Scam of the day – August 26, 2015 – Bank of America security message scam

August 26, 2015 Posted by Steven Weisman, Esq.

This is another phishing scam that is making the rounds these days.  It appears to be a legitimate email from Bank of America informing you that due to upgrades being done to the Bank of America computer systems, it is necessary for you to confirm personal account information in order to maintain your account.  Of course, if you click on the link contained in the email, you will only succeed in either unwittingly downloading keystroke logging malware that will steal your personal information from your computer and use it to make you a victim of identity theft or you will be sent to another website that prompts you to provide your personal information directly, which then wil be used to make you a victim of identity theft.  Either way you lose.  Here is a copy of the email presently being circulated:

“Member:

We need you to confirm your Bank of America account due to our new upgrading. It is mandatory that you confirm your details through our secure link below.

CONNECT
Thank you for your co-operation.
Bank of America Admin
Copyright © 2015 BOA Inc.”

TIPS

There are a number of ways to know that this is a phishing scam.  First of all, if you are not an account holder at Bank of America, you can rest assured that the email is a scam.  Unfortunately, there are so many people that are account holders at Bank of America, the scammers just send out the email in large numbers hoping to reach Bank of America account holders among the random people being sent the email.  The email address from which it is sent was not that of Bank of America, but rather that of a private individual whose email account was hacked, taken over and made part of a botnet to send these emails in large numbers.  Because you can never be sure whenever you receive an email that asks you to provide personal information whether it is legitimate or not, the best thing to do is to remember my motto, “trust me, you can’t trust anyone” and confirm whether it is legitimate or not by calling the real company, in this case Bank of America to learn whether or not the email is phony or not.  Chances are, you will be told that it is a scam.

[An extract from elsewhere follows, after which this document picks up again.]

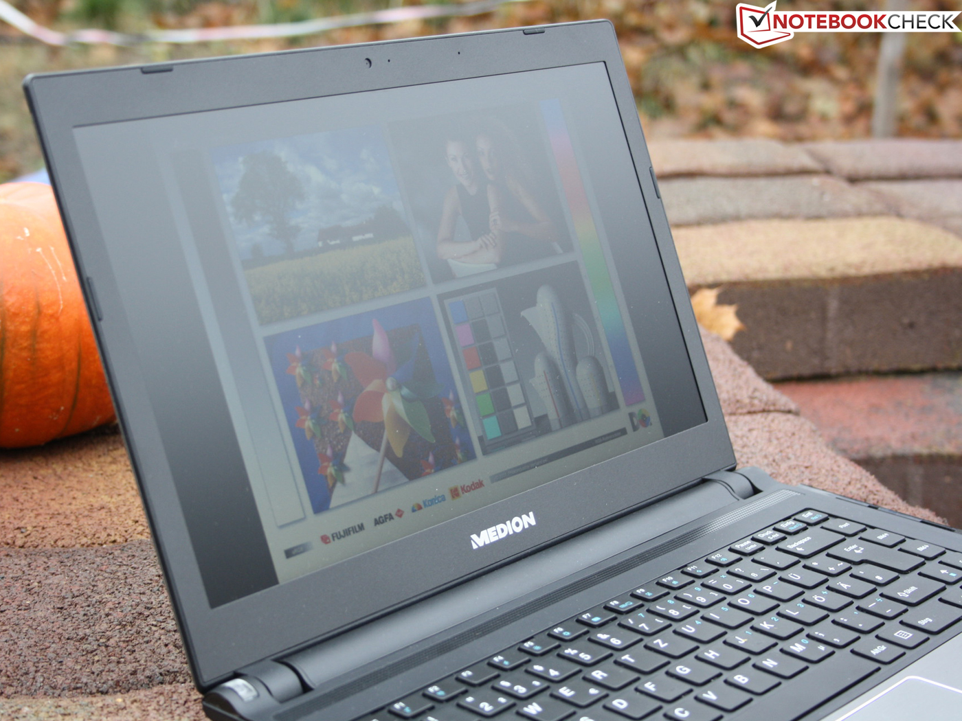 Die beste Mobilität im Sonnenschein verfehlt das Akoya nur auf Grund seines unterdurchschnittlich hellen Panels. Die Akkulaufzeit von 5:30 Stunden im WLAN-Test spielt jedoch in der richtigen Liga (mit Zusatz-Akku). Die Option auf ein DVD-Laufwerk ist sicherlich für manche Interessenten ganz großes Kino. Jedoch liegt es auch an diesem MultiBay-Schacht, dass die Stabilität des Chassis zu wünschen übrig lässt.

Scam of the day – August 15, 2015 – Paypal email phishing scam

August 14, 2015 Posted by Steven Weisman, Esq.

Today’s Scam of the day comes directly from my own email and I am sure it has turned up in yours as well.  PayPal is a popular payment service used by many people particularly with eBay.  Therefore it can seem plausible when you receive an email that purports to come from PayPal asking you to update your credit card information.  However, anyone responding to the email copied below would either end up providing credit card information to an identity thief or merely by clicking on the link could download keystroke logging malware that will steal the information from your computer and use it to make you a victim of identity theft.  DO NOT CLICK ON THE LINK.

“Account User,

The credit card in your account has expired; you are required to update your payment method to keep your account active.

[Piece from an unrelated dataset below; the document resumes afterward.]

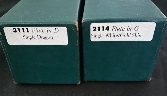 R8 Hall Crystal Flutes, Single Dragon image Flute in D, Single White Gold Ship Flute in D

Rectify payment method today by following the link below:

https://www.paypal.com/ca/cgi-bin/webscr?cmd=_add%id3752891

You can always add a new card

Sincerely,
PayPal”

This particular phishing email is not particularly sophisticated.  It comes from an email address of a private person rather than that of PayPal.  The address used, most likely is that of someone whose email account and computer was hacked in order for the identity thief to send out these phishing emails in mass quantities. It is not addressed to me personally, no logo of the company appears anywhere in the email and the language of “rectify payment” is somewhat inappropriate.  It is a pretty amateurish attempt.

TIPS

The primary question we all face when we receive such an email asking for credit card information or other personal information that may appear to be legitimate is how do we know whether to trust it or not.  The answer is, as I always say, trust me, you can’t trust anyone.  Regardless of how legitimate such email appear, you should not provide any personal information until you have independently verified by phone call or email to an email address that you know is accurate that the request for personal information is legitimate.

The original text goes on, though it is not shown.